1 Design a BNR process with anaerobic, anoxic, and aerobic

reactor.

2 Anaerobic will receive influent and returned sludge from

clarifier Anoxic will receive effluent from anaerobic and recycle from aerobic.

3 The effluent will have BOD5/TSS/TN/NO3--N/NH4+-N/TP of

10/10/10/8/1/1 mg/L or better, respectively

4 Provide four independent process trains in parallel.

5 Anaerobic and anoxic must be deep, square and >1.5 hr.

6 Provide equipment for measuring raw wastewater flow, return

activated sludge, waste sludge, and air supply.

7 Blowers shall be capable of delivering max air requirements

considering the largest single unit out of service.

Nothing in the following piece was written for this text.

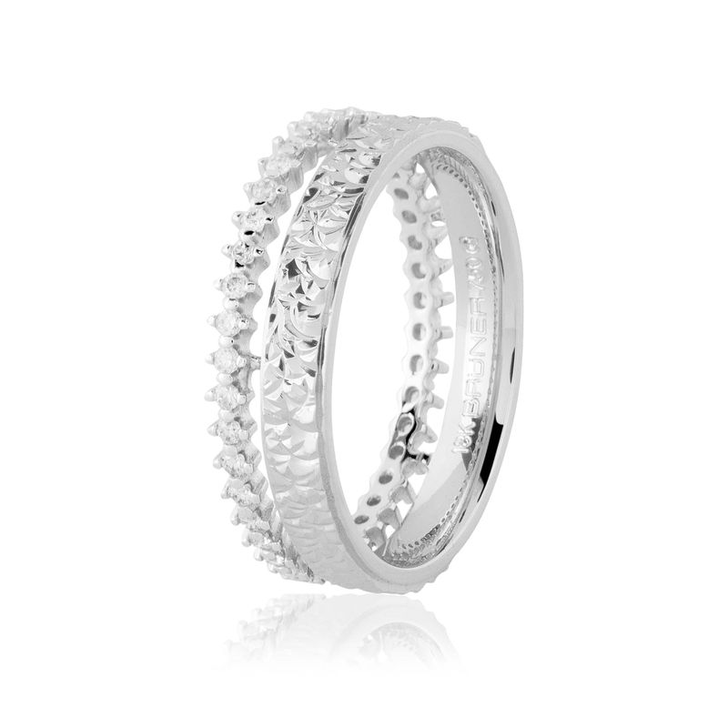 Esta aliança apresenta um design artístico e texturizado, caracterizado por um perfil de 5,5mm em ouro branco 18k com acabamento diamantado, que exibe um padrão de gravação em relevo para um brilho multifacetado. O grande diferencial desta joia é o seu aro secundário delicadamente cravejado com 38 pedras de diamante (brilhantes) que somam 26 pontos. As pedras são organizadas em garras individuais ao longo de toda a circunferência, criando uma coroa de luz que acompanha o aro principal. Seu formato interno anatômico garante um conforto superior, proporcionando um ajuste suave e perfeito ao dedo para o uso diário.

8 Aeration equipment shall provide complete mixing of MLSS

and shall be capable of maintaining a min of 2.0 mg/L DO.

Design Criteria - continued

9 Diffusers and piping shall be capable of delivering 150% of

the average air requirements.

10 The sludge pump and piping for RAS shall be designed to

provide capacity up to 150% of average design flow.

11 Internal recycle between aeration and anoxic basins will have

a capacity 200% of the average design flow.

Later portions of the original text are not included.